Give back, word for word, the lines in the listing below from the one holding "图:建筑与自然和谐呼应,阳光" down to the one holding "Dyazo 13-13.3 Inch", both ends included.

### THE DATA
-------

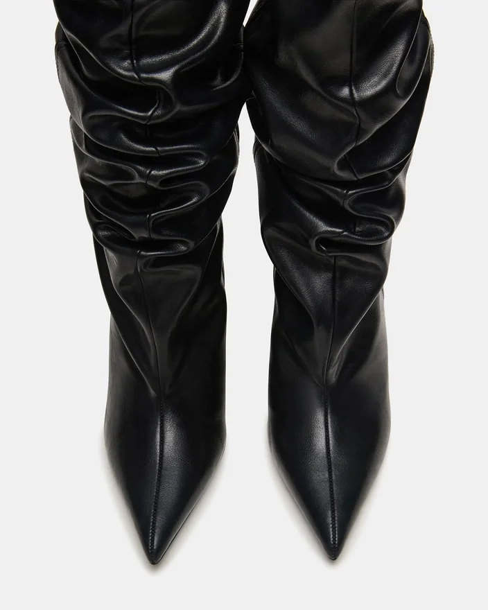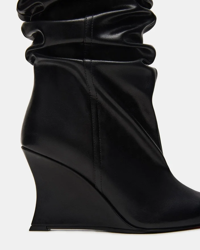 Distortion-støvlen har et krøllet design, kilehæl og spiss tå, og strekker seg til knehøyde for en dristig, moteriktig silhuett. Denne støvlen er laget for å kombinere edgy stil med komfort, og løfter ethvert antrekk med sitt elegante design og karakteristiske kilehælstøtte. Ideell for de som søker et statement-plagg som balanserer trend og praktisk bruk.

-------

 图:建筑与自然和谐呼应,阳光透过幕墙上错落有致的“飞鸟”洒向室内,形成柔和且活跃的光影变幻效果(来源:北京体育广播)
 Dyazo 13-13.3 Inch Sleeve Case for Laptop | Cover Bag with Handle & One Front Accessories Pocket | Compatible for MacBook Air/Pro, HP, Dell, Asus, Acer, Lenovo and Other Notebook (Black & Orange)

-------

### TASK ANSWER
 图:建筑与自然和谐呼应,阳光透过幕墙上错落有致的“飞鸟”洒向室内,形成柔和且活跃的光影变幻效果(来源:北京体育广播)
 Dyazo 13-13.3 Inch Sleeve Case for Laptop | Cover Bag with Handle & One Front Accessories Pocket | Compatible for MacBook Air/Pro, HP, Dell, Asus, Acer, Lenovo and Other Notebook (Black & Orange)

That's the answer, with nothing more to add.